[Stored items]
*** Begin section ***

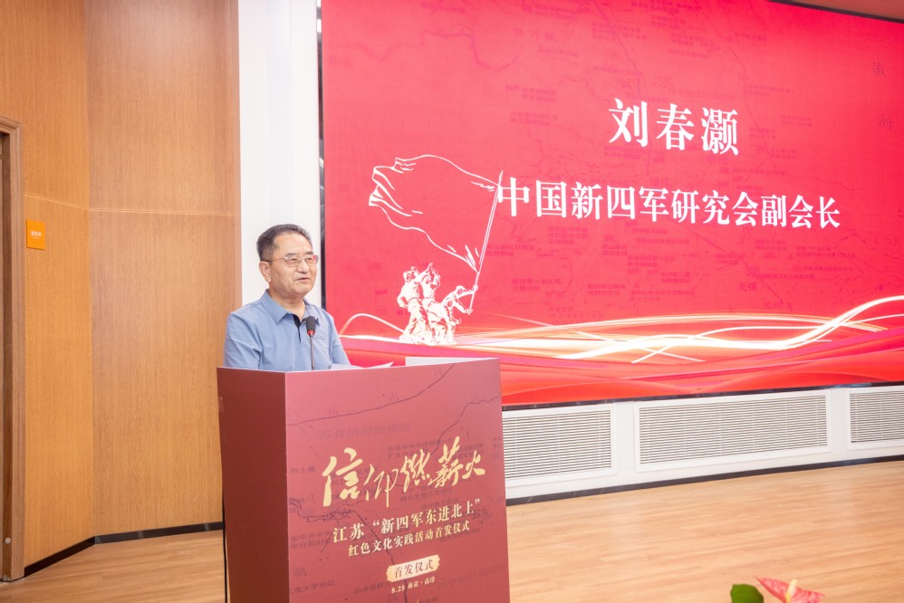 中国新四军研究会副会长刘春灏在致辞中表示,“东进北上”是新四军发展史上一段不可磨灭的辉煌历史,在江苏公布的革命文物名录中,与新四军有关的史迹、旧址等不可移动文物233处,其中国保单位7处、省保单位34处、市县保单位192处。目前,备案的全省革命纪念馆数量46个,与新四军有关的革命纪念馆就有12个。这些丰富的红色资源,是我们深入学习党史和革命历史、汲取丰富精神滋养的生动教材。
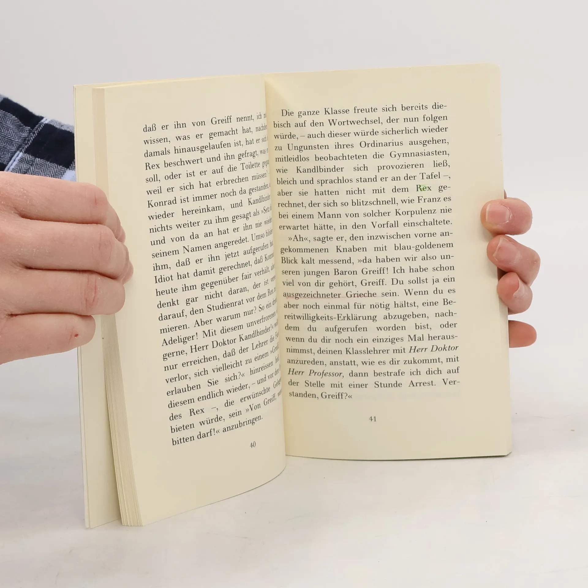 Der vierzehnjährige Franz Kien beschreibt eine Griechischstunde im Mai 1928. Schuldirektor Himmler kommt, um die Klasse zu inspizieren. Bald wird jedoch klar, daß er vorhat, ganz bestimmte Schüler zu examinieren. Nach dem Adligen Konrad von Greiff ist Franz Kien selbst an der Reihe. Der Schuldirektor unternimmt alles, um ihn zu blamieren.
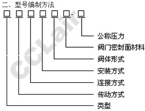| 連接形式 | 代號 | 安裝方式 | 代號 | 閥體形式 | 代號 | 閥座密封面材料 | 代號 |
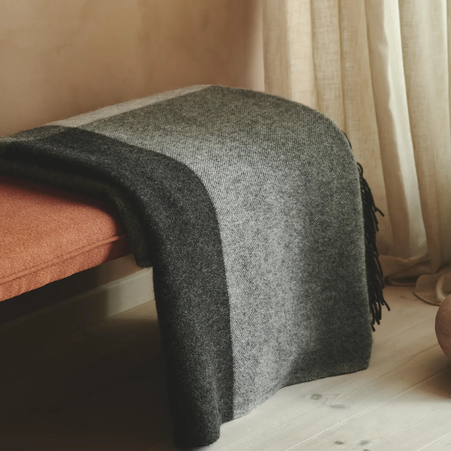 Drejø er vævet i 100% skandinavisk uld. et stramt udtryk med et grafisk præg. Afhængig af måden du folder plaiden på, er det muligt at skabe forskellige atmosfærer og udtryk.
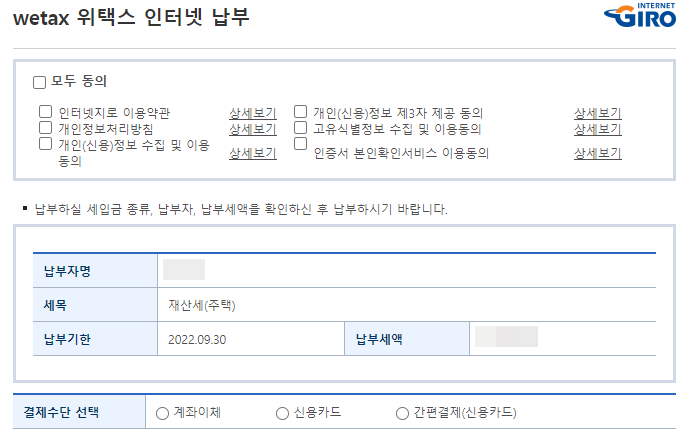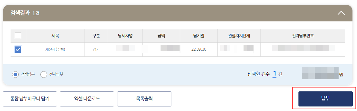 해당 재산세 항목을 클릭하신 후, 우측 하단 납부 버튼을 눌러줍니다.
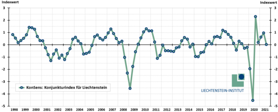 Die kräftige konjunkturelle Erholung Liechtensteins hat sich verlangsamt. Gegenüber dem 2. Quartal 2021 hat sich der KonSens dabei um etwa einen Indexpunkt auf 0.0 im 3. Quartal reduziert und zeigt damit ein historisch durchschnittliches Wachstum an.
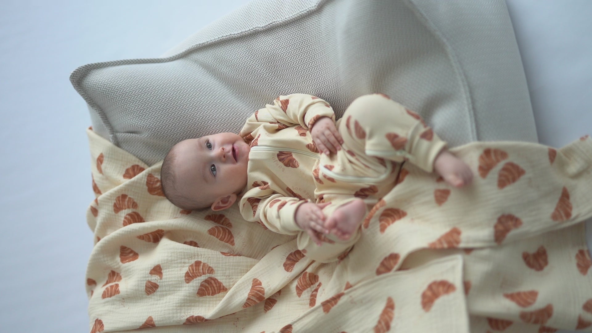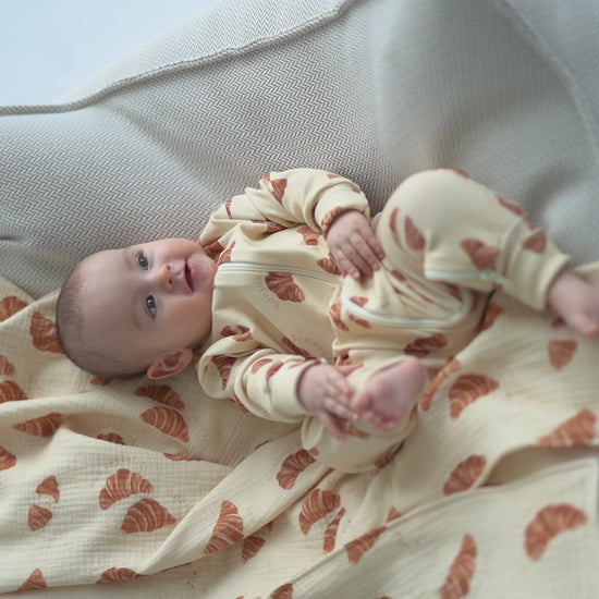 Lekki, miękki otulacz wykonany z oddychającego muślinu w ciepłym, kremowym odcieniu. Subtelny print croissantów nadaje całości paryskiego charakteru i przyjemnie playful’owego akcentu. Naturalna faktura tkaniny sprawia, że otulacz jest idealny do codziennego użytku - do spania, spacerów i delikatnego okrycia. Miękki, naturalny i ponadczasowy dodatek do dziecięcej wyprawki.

*** End section ***

**EXERCISE INSTRUCTIONS**
Although the records above contain pictures, the copy must not; set down exactly the lines from the one with "Der vierzehnjährige Franz" up to and including the one with "Die kräftige konjunkturelle".

**RESULT FOR THIS EXERCISE**
 Der vierzehnjährige Franz Kien beschreibt eine Griechischstunde im Mai 1928. Schuldirektor Himmler kommt, um die Klasse zu inspizieren. Bald wird jedoch klar, daß er vorhat, ganz bestimmte Schüler zu examinieren. Nach dem Adligen Konrad von Greiff ist Franz Kien selbst an der Reihe. Der Schuldirektor unternimmt alles, um ihn zu blamieren.
| 連接形式 | 代號 | 安裝方式 | 代號 | 閥體形式 | 代號 | 閥座密封面材料 | 代號 |
 Drejø er vævet i 100% skandinavisk uld. et stramt udtryk med et grafisk præg. Afhængig af måden du folder plaiden på, er det muligt at skabe forskellige atmosfærer og udtryk.
 해당 재산세 항목을 클릭하신 후, 우측 하단 납부 버튼을 눌러줍니다.
 Die kräftige konjunkturelle Erholung Liechtensteins hat sich verlangsamt. Gegenüber dem 2. Quartal 2021 hat sich der KonSens dabei um etwa einen Indexpunkt auf 0.0 im 3. Quartal reduziert und zeigt damit ein historisch durchschnittliches Wachstum an.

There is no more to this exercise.